This target was selected in order to recognize the challenges we faced and the rapid growth we
experienced, and the resulting performance expectations for the NEOs. The benchmarking study
determined that compensation paid to our executive officers trailed both the market median and to a
greater extent the 65th percentile of the market.
As part of the Compensation Committees process, our chief executive officer reviews and
examines market benchmark compensation, as well as individual responsibilities and performance, our
compensation philosophy and other related information to determine the appropriate level of
compensation for each of our NEOs. Our chief executive officer then makes recommendations to the
Compensation Committee on any such compensation adjustments or revisions. In turn, the
Compensation Committee considers and examines any such recommendations and consults with Watson
Wyatt Worldwide to understand the impact and result of any such changes.
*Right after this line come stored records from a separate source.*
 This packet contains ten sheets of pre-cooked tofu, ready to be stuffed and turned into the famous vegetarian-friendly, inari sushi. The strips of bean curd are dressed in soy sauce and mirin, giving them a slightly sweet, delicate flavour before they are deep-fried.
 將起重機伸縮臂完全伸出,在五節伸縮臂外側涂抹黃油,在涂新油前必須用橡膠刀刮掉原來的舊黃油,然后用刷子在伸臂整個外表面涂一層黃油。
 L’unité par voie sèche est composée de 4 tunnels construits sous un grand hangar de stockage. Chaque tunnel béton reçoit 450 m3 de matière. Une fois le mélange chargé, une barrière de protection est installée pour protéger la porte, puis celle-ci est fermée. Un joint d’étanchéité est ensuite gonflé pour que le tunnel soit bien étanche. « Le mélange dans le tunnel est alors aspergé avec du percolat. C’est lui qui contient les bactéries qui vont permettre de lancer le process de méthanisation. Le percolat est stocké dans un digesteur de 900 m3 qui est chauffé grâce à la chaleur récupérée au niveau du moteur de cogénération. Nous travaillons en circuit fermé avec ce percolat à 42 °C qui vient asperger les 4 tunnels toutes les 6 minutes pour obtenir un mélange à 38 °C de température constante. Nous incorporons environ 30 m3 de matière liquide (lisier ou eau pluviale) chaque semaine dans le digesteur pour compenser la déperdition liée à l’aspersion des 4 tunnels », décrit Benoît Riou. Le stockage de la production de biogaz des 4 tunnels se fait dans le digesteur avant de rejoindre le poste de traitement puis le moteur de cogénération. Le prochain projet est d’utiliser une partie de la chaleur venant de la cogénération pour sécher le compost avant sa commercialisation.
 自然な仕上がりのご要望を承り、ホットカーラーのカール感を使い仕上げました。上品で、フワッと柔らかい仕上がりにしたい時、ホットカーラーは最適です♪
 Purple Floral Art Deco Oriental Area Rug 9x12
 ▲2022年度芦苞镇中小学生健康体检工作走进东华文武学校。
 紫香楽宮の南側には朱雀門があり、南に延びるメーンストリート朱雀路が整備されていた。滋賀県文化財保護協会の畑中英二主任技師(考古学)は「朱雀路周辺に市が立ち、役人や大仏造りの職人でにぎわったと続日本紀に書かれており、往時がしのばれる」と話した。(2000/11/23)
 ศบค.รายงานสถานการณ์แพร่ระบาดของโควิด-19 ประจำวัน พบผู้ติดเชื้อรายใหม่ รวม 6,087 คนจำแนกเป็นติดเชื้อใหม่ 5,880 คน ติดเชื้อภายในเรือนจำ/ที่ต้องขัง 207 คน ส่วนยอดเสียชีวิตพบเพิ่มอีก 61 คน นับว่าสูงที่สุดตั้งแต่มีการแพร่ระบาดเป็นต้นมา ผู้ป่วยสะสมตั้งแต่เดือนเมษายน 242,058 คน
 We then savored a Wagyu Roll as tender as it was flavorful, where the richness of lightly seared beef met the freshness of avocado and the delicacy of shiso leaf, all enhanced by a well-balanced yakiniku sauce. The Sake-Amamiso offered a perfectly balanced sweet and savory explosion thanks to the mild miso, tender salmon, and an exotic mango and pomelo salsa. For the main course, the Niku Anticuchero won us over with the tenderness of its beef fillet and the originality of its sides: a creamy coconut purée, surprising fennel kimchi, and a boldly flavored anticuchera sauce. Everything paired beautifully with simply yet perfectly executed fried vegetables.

The Compensation Committee reviews and considers each element of compensation in making
compensation determinations. The Compensation Committee has not determined that compensation
elements are to be set according to a pre-set or formulaic mix. The Compensation Committee does
generally review all elements of compensation together in measuring total compensation packages as
part of its benchmarking analyses and in measuring compensation packages against the objectives of
our compensation program.
Cash Components of Compensation
Base Salary. The base salary component of each NEOs annual cash compensation is based on the
job responsibilities and individual contribution of each NEO and with reference to base salary
levels of executives at peer companies.
The Compensation Committee made salary adjustments on May 17, 2006, which ranged from 4% to 8%
increases for Messrs. Welch, Rahill and Jipping and Ms. Blair. In making these salary adjustments,
the Compensation Committee considered the growth in job responsibilities for each individual, given
the growth of the Company, and the performance of each individual.
17
More recently, following the completion of a revised benchmarking analysis, the Compensation
Committee made the following salary adjustments on January 29, 2007.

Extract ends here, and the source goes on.